Certain Transactions with Significant Shareholders. As a Bermuda company, we may
enter into certain business transactions with our significant shareholders,
including asset sales, in which a significant shareholder receives, or could
receive, a financial benefit that is greater than that received, or to be
received, by other shareholders with prior approval from our board of directors
but without obtaining prior approval from our shareholders.
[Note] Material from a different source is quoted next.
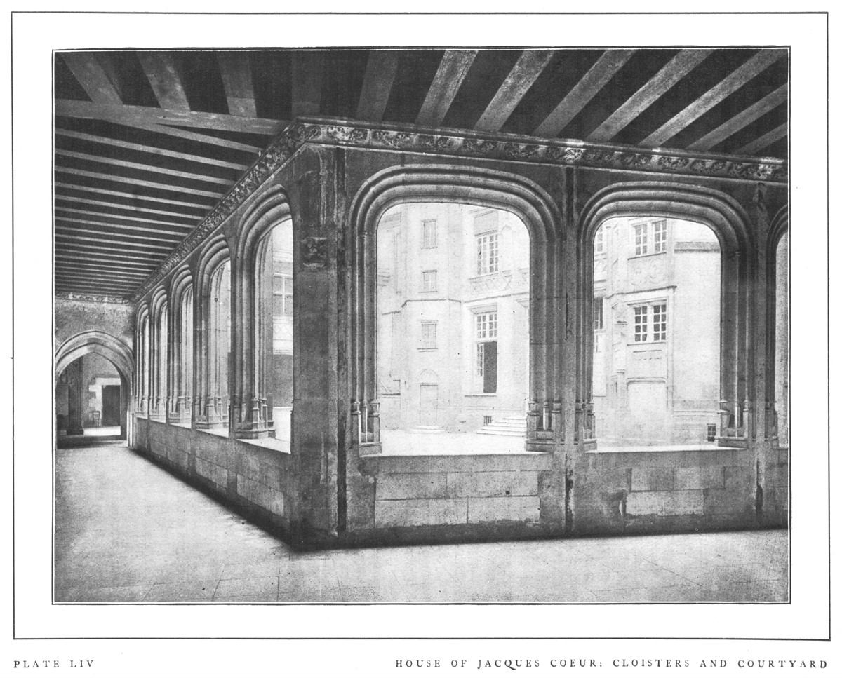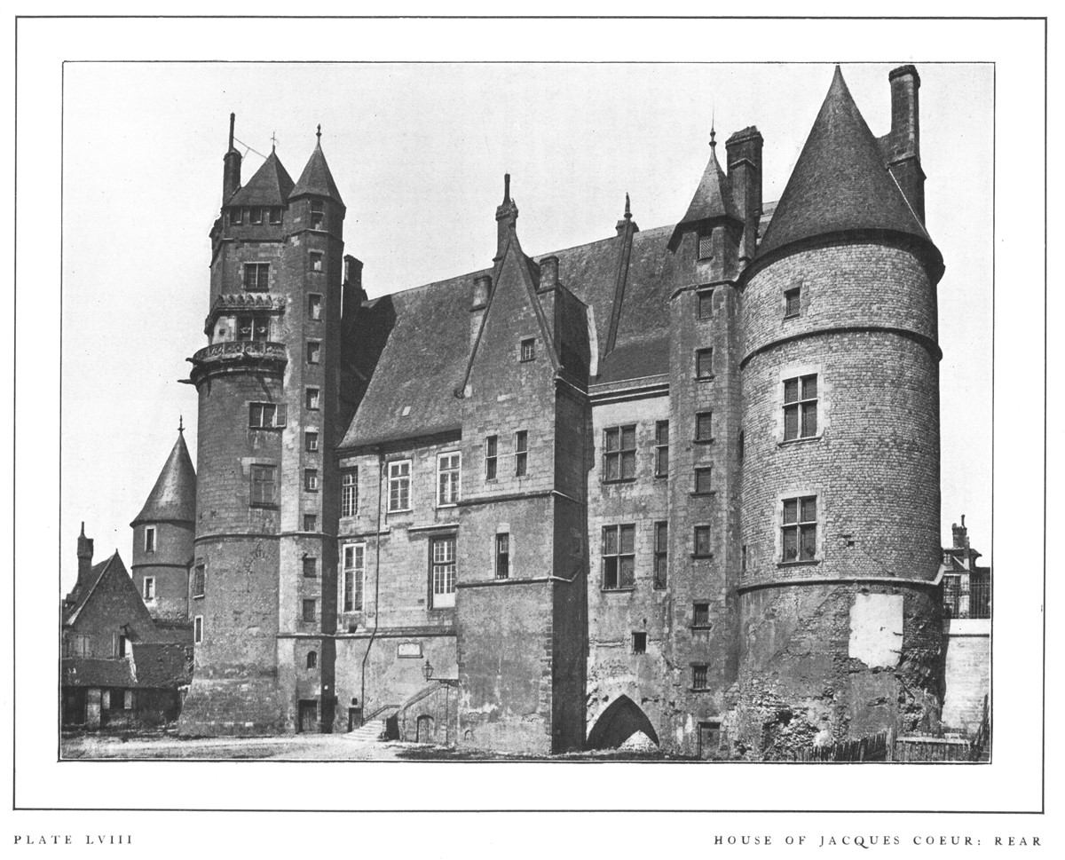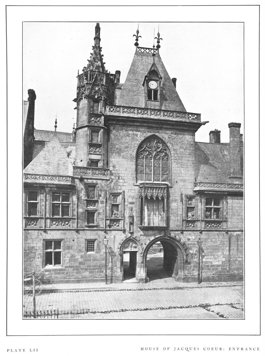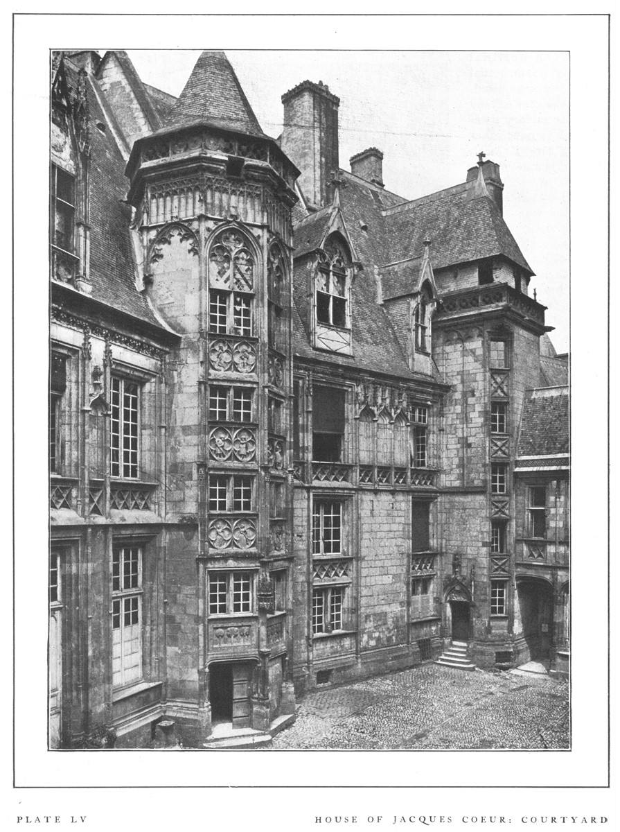 As has been said, Jacques Cœur's most princely residence, that at Bourges, was begun in 1443, when he was at the height of his prosperity, and was nearly completed when in 1451 his downfall came. In spite of changes in the arrangement of the interior, in spite of a clumsy addition in the Renaissance style on the right of the courtyard, and in spite of some blunders in the restoration, which was undertaken by the government in 1858, the building has escaped any grave mutilation, and may be taken as a type of the princely residence of its century.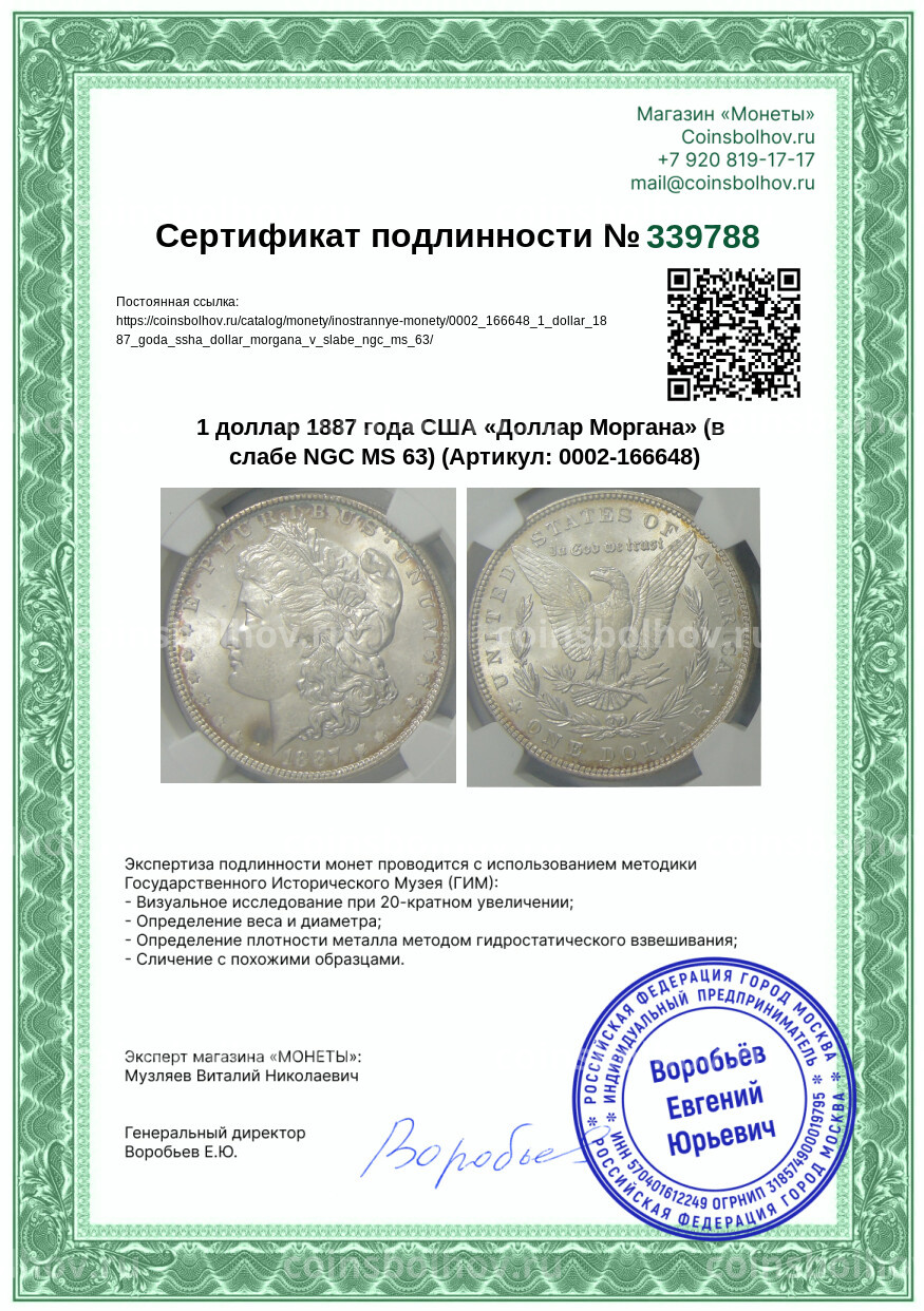 Монета 1 доллар 1887 года США «Доллар Моргана» (в слабе NGC MS 63)

Shareholders' Suits. The rights of shareholders under Bermuda law are not as
extensive as the rights of shareholders in many U.S. jurisdictions. Class
actions and derivative actions are generally not available to shareholders under
the laws of Bermuda. However, the Bermuda courts ordinarily would be expected to
follow English case law precedent, which would permit a shareholder to commence
an action in the name of the company to remedy a wrong done to the company where
an act is alleged to be beyond the corporate power of the company, is illegal or
would result in the violation of our memorandum of association or bye-laws.
Furthermore, courts would review acts that are alleged to constitute a fraud
against the minority shareholders or where an act requires the approval of a
greater percentage of our shareholders than actually approved it. The winning
party in such an action generally would be able to recover a portion of
attorneys' fees incurred in connection with such action. Our bye-laws provide
that shareholders waive all claims or rights of action that they might have,
individually or in the right of the company, against any director or officer for
any act or failure to act in the performance of such director's or officer's
duties, except with respect to any fraud or dishonesty of such director or
officer.

Indemnification of Directors and Officers. Under Bermuda law and our bye-laws,
we may indemnify our directors, officers or any other person appointed to a
committee of the board of directors (and their respective heirs, executors or
administrators) to the full extent permitted by law against all actions, costs,
charges, liabilities, loss, damage or expense incurred or sustained by such
person by reason of any act done, concurred in or omitted in the conduct of our
business or in the discharge of his/her duties; provided that such
indemnification shall not extend to any matter in which any of such persons is
found, in a final judgment or decree not subject to appeal, to have committed
fraud or dishonesty.

Trenwick is a Bermuda company and it may be difficult for you to enforce
judgments against it or its directors and executive officers.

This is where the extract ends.